The existing photovoltaic power prediction system calculates and predicts the power generation amount of a photovoltaic power station in the whole time of the next year or month according to past meteorological data (the average synchronization of the last year or the historical years).
At present, the photovoltaic industry judges whether the generated energy of a photovoltaic power station reaches the maximum theoretical power or not and whether a space for increasing is available or not, and the following methods are mainly adopted: firstly, judging by referring to the data which can be researched; and secondly, predicting the generated power of a period of time in the future by adopting the characteristics of the existing photovoltaic power prediction system according to the local meteorological data of the station accumulated in the past year. 1) Meteorological data varies greatly each year. The difference of big light year, small light year and the like; 2) the predicted photovoltaic power plant power for a future period of time (a year or a month and a half month) cannot be specified to the power at a certain moment of a certain day; thirdly, comparing the generated energy with the generated energy of stations at the adjacent geographical positions; according to the level of the total station capacity, the method can not specifically use the cluster as a unit, and cannot achieve the effect of timely operation and maintenance on operation and maintenance personnel.
The methods have the disadvantages that the comparison time is long, the deficiency of the power generation amount of the power station cannot be accurately fed back in time, and a specific operation and maintenance scheme cannot be provided for the deficiency part of the power generation amount.
Therefore, a system for predicting real-time power generated by a photovoltaic power station and a method for implementing the same are particularly needed to solve the existing problems.
Disclosure of Invention
The invention aims to provide a photovoltaic power station power generation real-time power prediction system and an implementation method thereof, aiming at the defects of the prior art.
The technical problem solved by the invention can be realized by adopting the following technical scheme:
in a first aspect, the invention discloses a real-time power prediction system for power generation of a photovoltaic power station, which is characterized by comprising a control unit, a data communication unit, a meteorological environment monitoring unit and a data acquisition unit, wherein the control unit is respectively connected with the meteorological environment monitoring unit and the data acquisition unit through the data communication unit, the meteorological environment monitoring unit is used for monitoring environmental parameters and acquiring illumination intensity data and temperature data, and the data acquisition unit is used for respectively acquiring component characteristic parameters and group string data.
In one embodiment of the invention, the data communication unit and the control unit are communicatively connected with each other through a router.

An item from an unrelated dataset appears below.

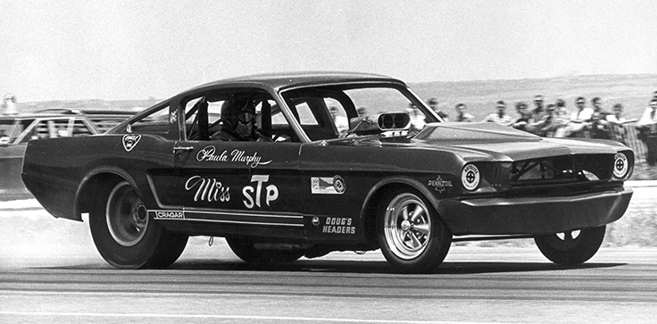 Bynum built the chassis and the 392 engine that sat beneath a Mustang body. The Mustang ran low-eight-second passes through 1967, and Murphy found herself a popular draw with track operators all eager to see the “lady racer.”

In one embodiment of the present invention, the data communication unit includes, but is not limited to, a wired communication module and a wireless communication module.
In one embodiment of the present invention, the data acquisition unit includes, but is not limited to, a hall sensor, a dc current meter, and a SCADA data acquisition module.
In a second aspect, the invention discloses a method for realizing real-time power prediction of photovoltaic power station power generation, which is characterized by comprising the following steps:
(1) establishing a benchmark power model of a photovoltaic power station string through big data of meteorological geographic information and component parameter information to obtain theoretical real-time power generation data;
(2) acquiring meteorological parameters and parameters of the components in real time, calculating real-time marker post power of the photovoltaic power station string, and acquiring real-time power generation data;
(3) by comparing the real-time marker post power with the power of all the strings of the photovoltaic power station, the strings with power loss are accurately found out, operation and maintenance are carried out, the loss is eliminated, and the generating capacity is improved.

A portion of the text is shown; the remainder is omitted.